Through high school, being colored with poor grades forced me to become assertive and befriend other girls who were smart in class for a sense of belonging. And this saw me become a part of different clubs and the Scripture Union. It is from then that I made up my mind to be more comfortable with Christianity even though I was coming from a Moslem Indian Arabic Mukiga- Chope Munyankole family.

At the university with my assertiveness, I joined UPM as a woman rights advocate. I got involved in politics because I was seeking to be part of everything that would give me an identity.

This need to have me champion women’s advocacy for education as opposed to early marriages. The UPM movement was involved in the liberation struggle and I did my final exams with tension as those involved were being arrested.
Hence for my involvement, Uganda became a risky place for me to be thereby relocating and seeking asylum in Nairobi, Kenya and when the movement took over power, I returned back home.

It was in an era where a woman at close to 30 years would barely receive respect because they were not married no matter how hard working you would be. And because of society’s expectations from a lady of age, I got married to my lovely husband with whom we began a fruitful family.

He was a Mukiga from a Christian background and I was from an Islamic family. However, with the consideration of my father who was formerly a Christian turned Moslem we were able to get married.
However, I barely enjoyed being married; as my husband fell sick with a sickness that got him depressed and a drunkard for over 35 years of our marriage.

His being ill for 35 years had me become the breadwinner and caretaker of the family.
And to navigate through life better, I started with different businesses from farming to restaurants and other ventures but all failed, yet most of my contemporaries were having the fun of their life with all their boxes seeming to tick.

To make matters worse, I lost my job at 36, yet with a family to take care of in the picture. However, I decided to venture into micro-lending business that was predominantly run by men.

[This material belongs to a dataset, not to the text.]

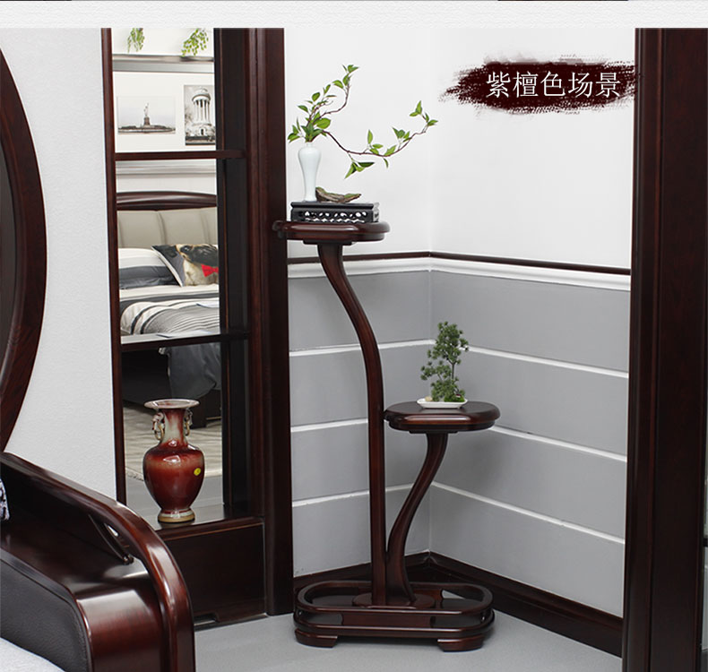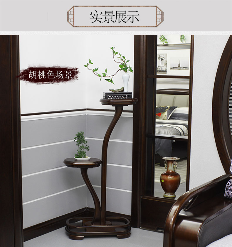 双叶家具 实木中式现代花架 水曲柳木花盆置物架
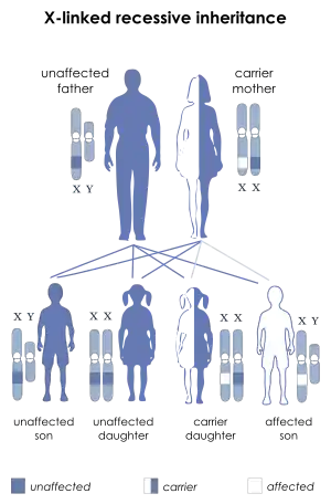 SBMA is a hereditary syndrome, inherited in an X-linked recessive manner.[7] The AR gene, located in the X chromosome, involves a section consisting of CAG repeats. The number of repeats varies among individuals. Healthy males carry up to 34 repeats. From 35 to around 46 repeats, penetrance (the possibility that the individual manifests the disease) gradually increases, approaching a maximum value (full penetrance).[10] Therefore, males bearing 35 to 46 CAG repeats are at intermediate but increasing risk for developing SBMA. Males bearing 47 or more repeats have nearly 100% risk of developing SBMA.[10] Other, still unidentified genetic factors may also play a role in disease manifestation and symptoms’ severity.

And now floriculture, with which I have inspired and impacted the lives and through empowerment and counseling programs.

In 2020 COVID-19 hit the world which saw me lose millions of money and closure of our businesses.

It was in the same year, with the request and encouragement of friends who desired my story to be published to inspire the generations, that I committed to writing the book even with cold feet syndrome because it was being vulnerable with my story and life to be displayed on a billboard for the public. However, I later got published in 2022 and launched in 2023, and I am officially an Author of the book entitled, “COPING WITH IDENTITY CRISIS. ”

My story of overcoming as shared in the book continues to inspire many who are challenged with different levels of identity and life crises from self-esteem, and personality complex to addictions, beliefs, and cultural crisis.